= Josef Freiherrn Bogdan von Sturmbruck =

Austrian soldier

Joseph Freiherr Bogdan von Sturmbruck (19 September 1769, in Egervár – 14 May 1827, in Galicia) was an Austrian Lieutenant Field Marshal who fought for Austria in the French Revolutionary and Napoleonic wars.

==Biography==
Born in Egervár, Hungary, Habsburg monarchy, Bogdan's social status was elevated in 1802 to Freiherr with the predicate "von Sturmbruck".

Bogdan was born in 1768 in Egervár (Hungary). He entered the cuirassiers of Schakmin (later the 6th Dragoon Regiment) of the Austrian Army as a gentleman volunteer cadet on 8 June 1786. Two years later he was promoted to corporal 1 June 1788, standard bearer on November 16 of the same year, and a year later to Maréchal des logis-chef (equivalent to sergent-chef) on 4 June 1789.

Bogdan was commissioned as a lieutenant by the Aulic Council of the war on 16 March 1790 and was posted to the Uhlan Free Corps of Joseph Freiherr von Motschlitz (later 2nd Uhlan Regiment). While serving in this regiment, he fought in the campaign of 1793—1794.

By 1799 Bogdan was a captain-commander of the same regiment, which was part of the corps that the Archduke Charles detached under the orders of Field Marshal-Lieutenant Prince of Schwarzenberg in Mannheim to observe the Rhine. Captain Bogdan distinguished himself in the defence of the Heidelberg Bridge and for this feat of arms received the Knight's Cross of the Order of Maria Theresa and a little later the title of Freiherr von Sturmbruck( baron of Sturmbrück).

Bogdan was commissioned Major to the 1st Uhlans (Uhlans of Merveldt) on 18 November 1800, lieutenant-colonel in this regiment on 6 June 1804. His regiment served in the campaign of 1805 as part of Kienmayer's light division. He was promoted to colonel on 4 April 1807, and to general-major on 22 July 1809 after the Battle of Essling.

During 1814 in the Austrian army in Italy, he commanded a brigade at the Battle of the Mincio River. In 1815 Bogdan was assigned to command one of the brigades of Crenneville Division, of the I Corps of the Austo-German Army of the Upper Rhine. On 3 July General Bogdan, with the advanced guard of the Austrian I Corps, having been reinforced by Lieutenant Field Marshal Radivojevich, attacked the French at Oyonnax, beyond St. Claude, where the French General Maransin had taken up a favourable position with a force of 2,000 men. The Austrians turned Maransin's left flank, and forced the French to retire. The I Corps reached Bourg-en-Bresse on 9 July.

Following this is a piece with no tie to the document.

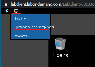 Para ancorar o ambiente de laboratório para que preencha a janela, selecione o ícone do PC na parte superior e, em seguida, selecione Ajustar Janela ao Computador.
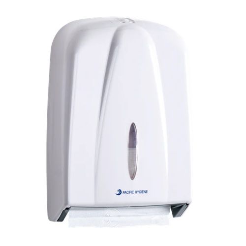 The Pacific Hygiene Trim Hand Towel Dispenser in white is designed to accommodate Pacific Hygiene's Trim hand towels. With its slim and lower profile design, the Trim Towel Dispenser is suitable for smaller-sized kitchens, bathrooms or limited workspaces. It features a sight window for easy refilling and provides security with a key lock or easy access with a push button.

Bogdan was promoted Field-Marshal-Lieutenant 12 January 1823, and called to command of the Lemberg division. Bogdan died in Lemberg, Galicia, then part of Ruthenia, formerly part of Polish Kingdom (now in Lviv in Western Ukraine), on May 44, 1827

==Family==
He was married to Aloysia Sophia Charlotte van Greiffenclau-Vollrads on 13 July 1804 but the marriage didn't last long. On 13 February 1809, he married Elizabeth von Thure-Hokonstein-Choltitz with whom they had two children: Ferdinant Johan-Nepomuk Bogdan (1810–1827) and Theresa Bogdan von Sturmbruck (1816–1860).